彼は驚いたように目を見開き、血の気のない白い頬がほんのり赤く染まったように見えた。

「程々にしておきなさい。フランドルフルク。」
「…は、はい。」

彼女は靴を鳴らし、私達の後ろへ歩いていった。



「あ、2人共!おかえり。」
「ちょっとフラン。大丈夫なの?ぶっ倒れたって聞いたけど。」

私の席の周りで、ララとユイが待っていてくれた。周りの生徒達は、既に寮に戻ったらしく、教室には彼女達の姿しか残っていなかった。

「ただいま、ララ。」
「大丈夫だよ。ユイちゃんが心配してくれるなんて珍しいね。」
「あたしもそこまで鬼じゃないわよ。ララがソワソワして落ち着かないから、あたしまでなんだか落ち着かなくて…それだけよ。」
「ちょっと…ユイちゃん…!私そんなにソワソワなんて…。」
「ごめんねララちゃん。心配かけて。」
「う、ううん!大丈夫ならいいの!」
「あんた達、まだ運動着のままじゃない。着替えてきなさいよ。

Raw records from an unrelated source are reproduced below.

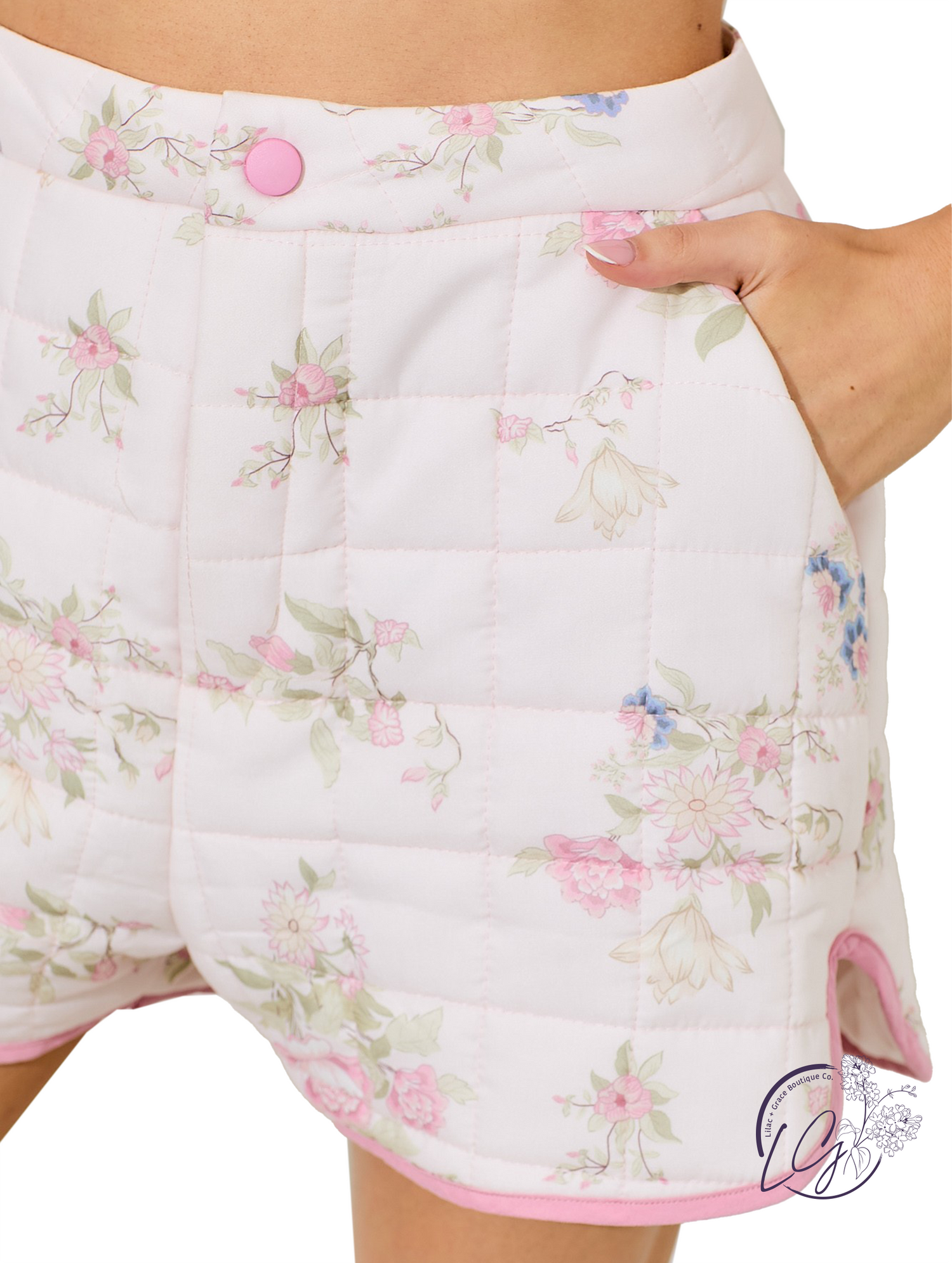 These floral print quilted shorts feature a soft, textured design with functional side pockets for everyday ease. The relaxed fit and comfortable waistband make them ideal for laid-back days, while the quilted fabric adds a touch of structure. Pair with a simple tee or tank for an easy, casual outfit with a playful twist.
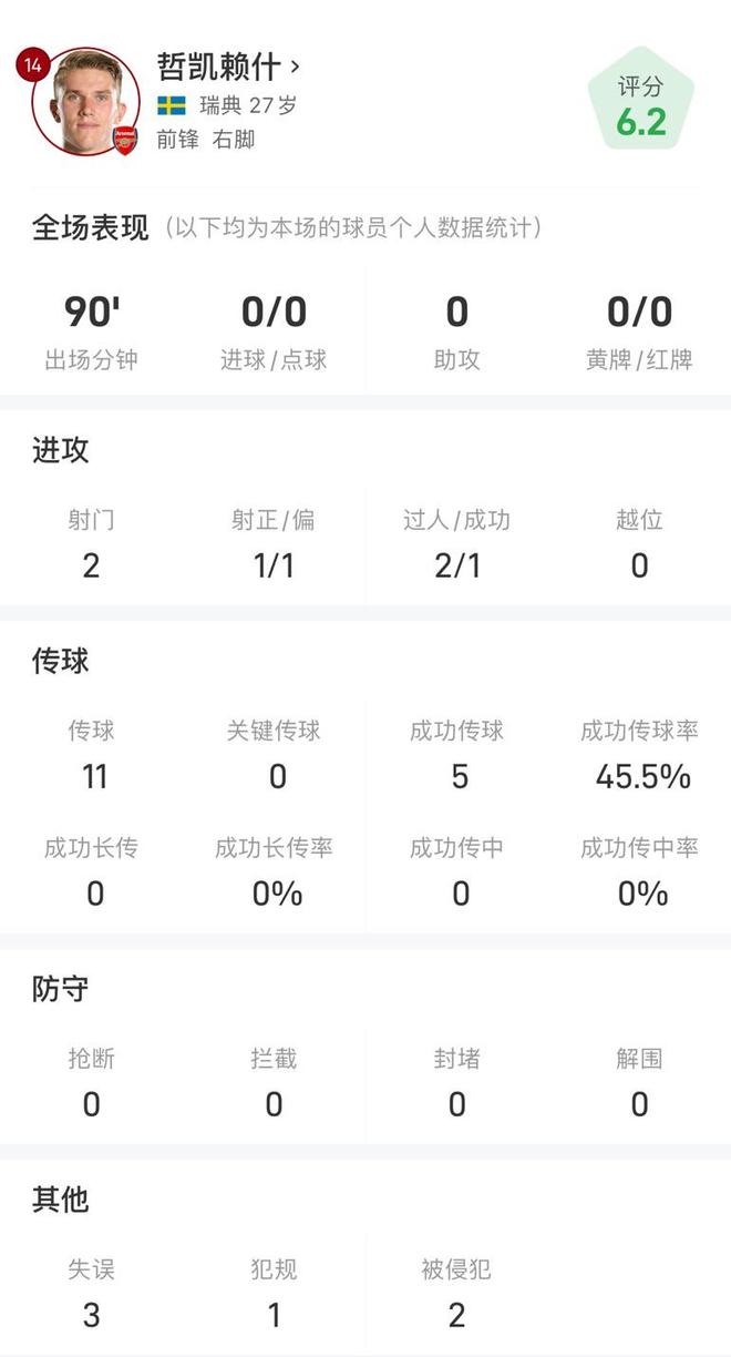 哲凯赖什vs西汉姆联数据:2射1正,传球成功率45.5%
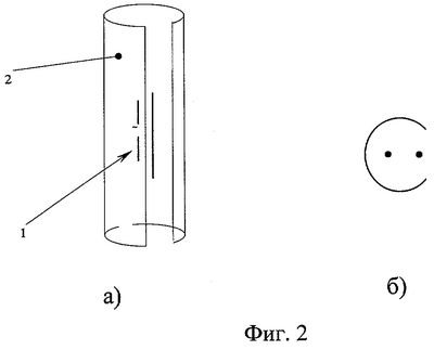 Антенное устройство-прототип содержит рефлектор 2 в виде цилиндрической поверхности с вырезанной вдоль образующей частью, внутри которого помещен источник возбуждения – электрический вибратор 1.
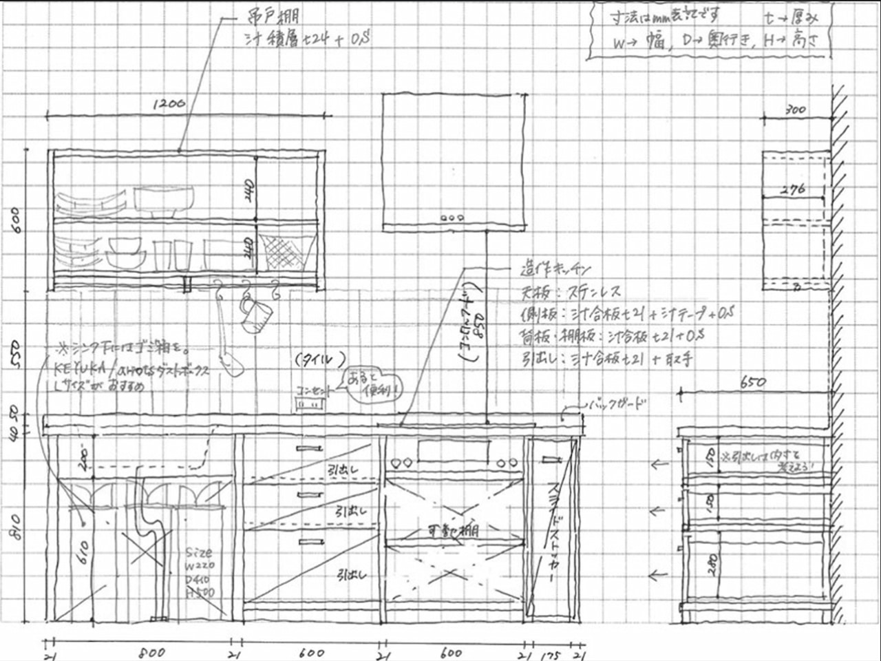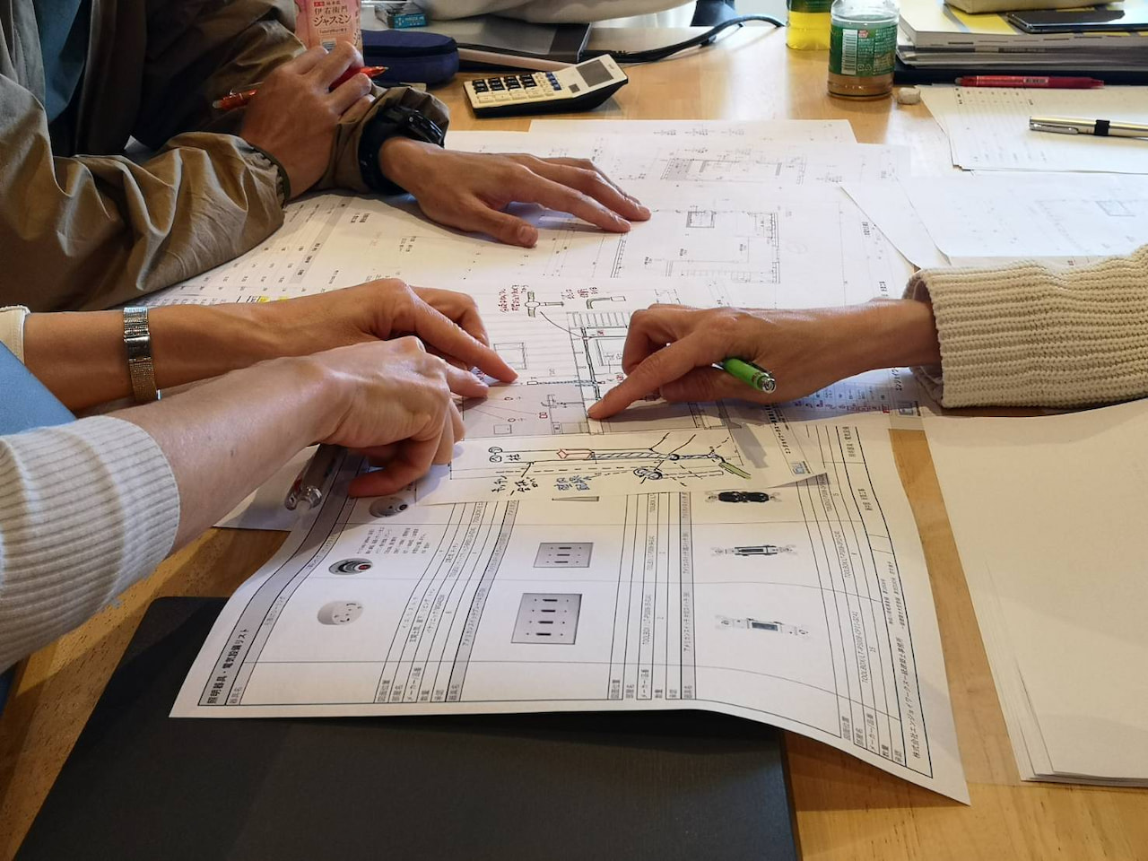 図面を元に仕上がりについて改めて入念にチェックしていく。骨が折れる作業かと思いきや、暮らしと直結するこの作業。実に面白い。
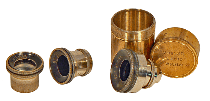 Ci-dessous, trois dispositifs optiques utilisés sur les microscopes de dissection : la loupe à dissection de Stiassnie, le triplet du type Steinheil et le doublet du type Ramsden |
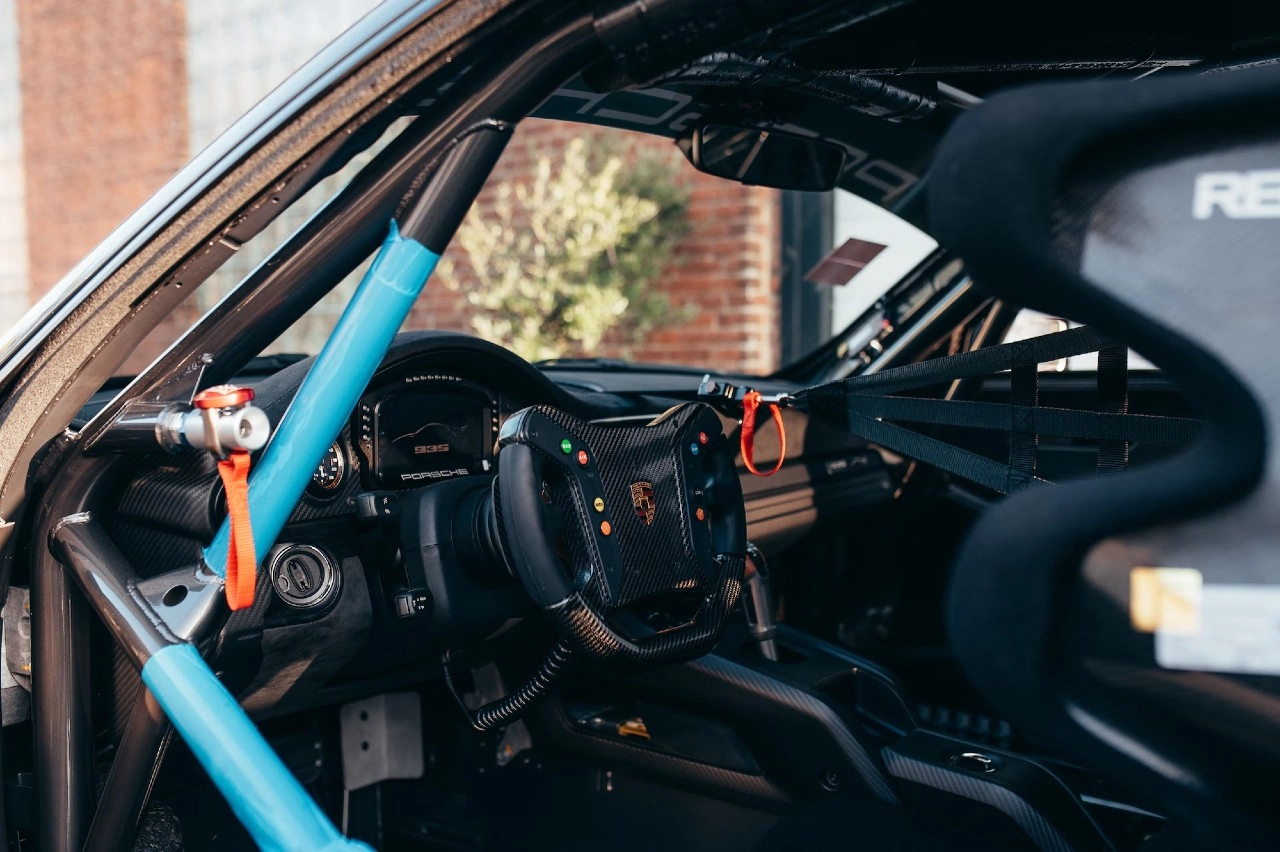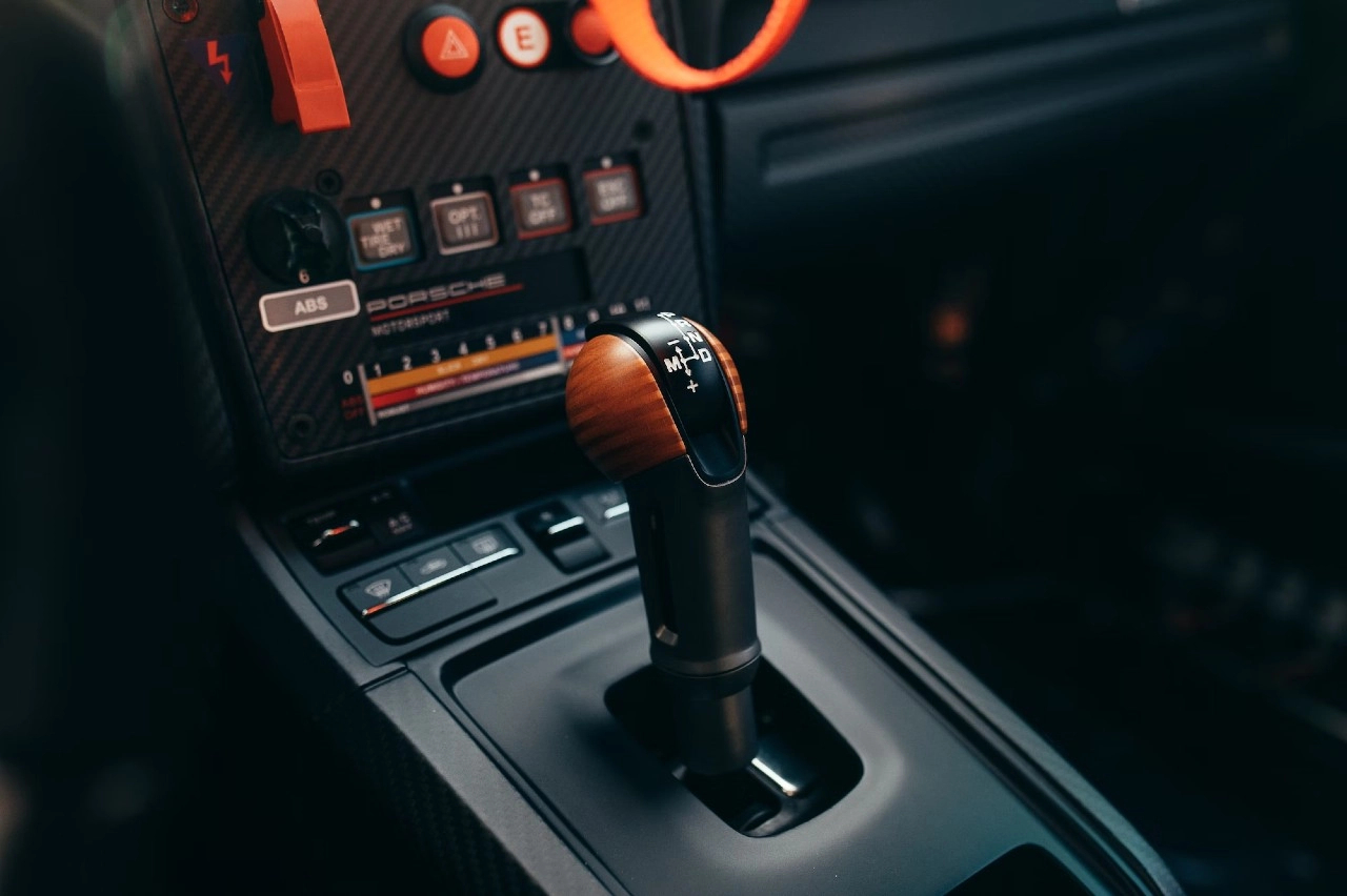 Dentro, encontramos un asiento de cubo firmado por Recaro, con arneses de carreras, un volante de fibra de carbono con pantalla a color procedente del 911 GT3 R, una jaula antivuelco y una exclusiva palanca del cambio PDK terminada en madera laminada.
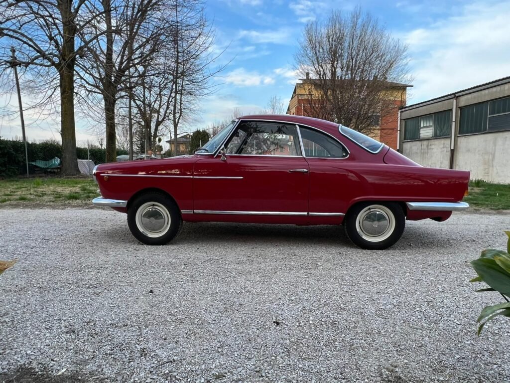 Descrizione: Allo scopo di conferire un’immagine sportiva alle proprie automobili utilitarie, la NSU incaricò la carrozzeria Bertone di studiare una versione sportiva del modello Prinz. Il disegno venne affidato a Franco Scaglione che riuscì a concludere, nonostante le ridotte dimensioni, una equilibrata linea sportiva che suggeriva una vaga somiglianza alla Alfa Romeo Giulietta Sprint, realizzata dallo stesso designer. Il prototipo, corrispondente quasi del tutto alla vettura definitiva, venne ultimato nel luglio del 1958. Dopo alcune modifiche di dettaglio, ecco che nel settembre dello stesso anno avvenne la presentazione alla stampa, mentre il mese successivo la vettura fu svelata in anteprima mondiale al Salone di Parigi. Questo esemplare da noi proposto è stato recentemente totalmente restaurato riproponendo il suo stesso rosso originale.
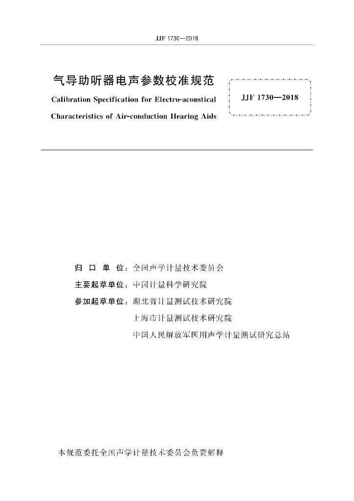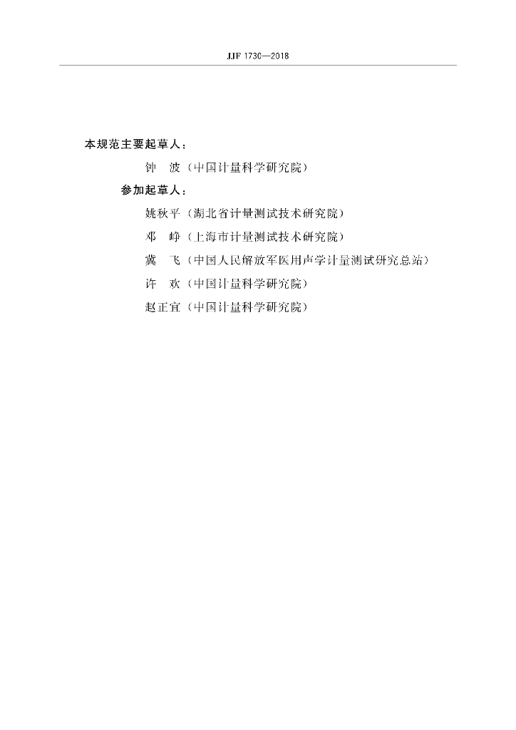 钟波(中国计量科学研究院)、姚秋平(湖北省计量测试技术研究院)、邓峥(上海市计量测试技术研究院)、冀飞(中国人民解放军医用声学计量测试研究总站)、许欢(中国计量科学研究院)、赵正宜(中国计量科学研究院)
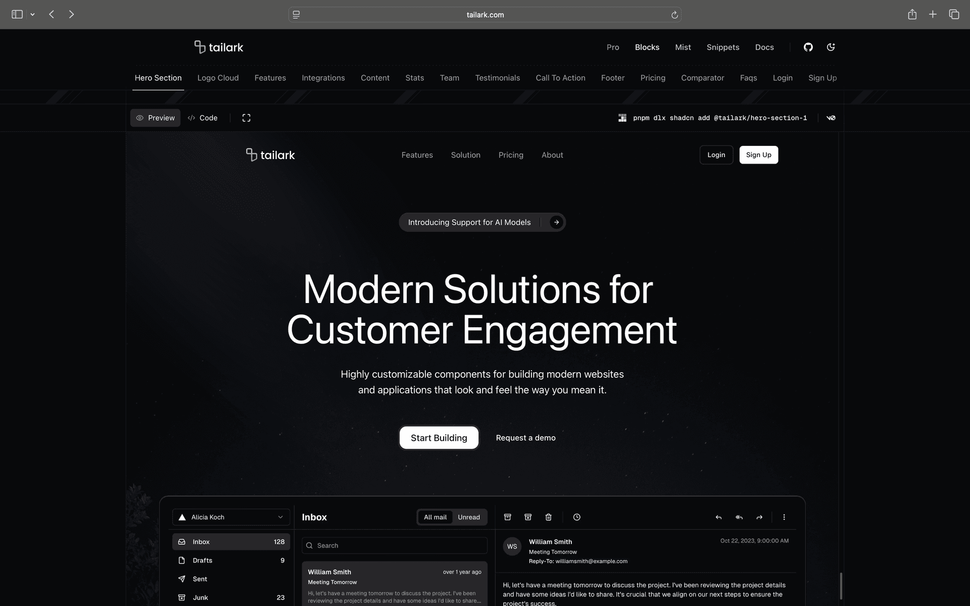 Tailark is a collection of 300+ modern marketing block kits built on top of shadcn UI, offering three distinct visual styles—from default shadcn to Notion-like and minimal—to help teams build polished websites fast. With 1.8K+ GitHub stars, 65,000+ users, and adoption from YC-backed startups, it stands out by being both developer-friendly and design-focused, providing flexible, high-quality blocks that don’t require heavy styling or rigid templates.

」
「あ、そうだったね。そうするよ。」
「私達、先にルナちゃんの部屋に行ってるね。」
「うんわかった!」
「ごめん…僕、今日は部屋で休むよ。」
「…そうね。明日も授業はあるし、しっかり休んだほうがいいわね。」
「じゃあ、また明日ね。」

彼は足早に教室から出ていった。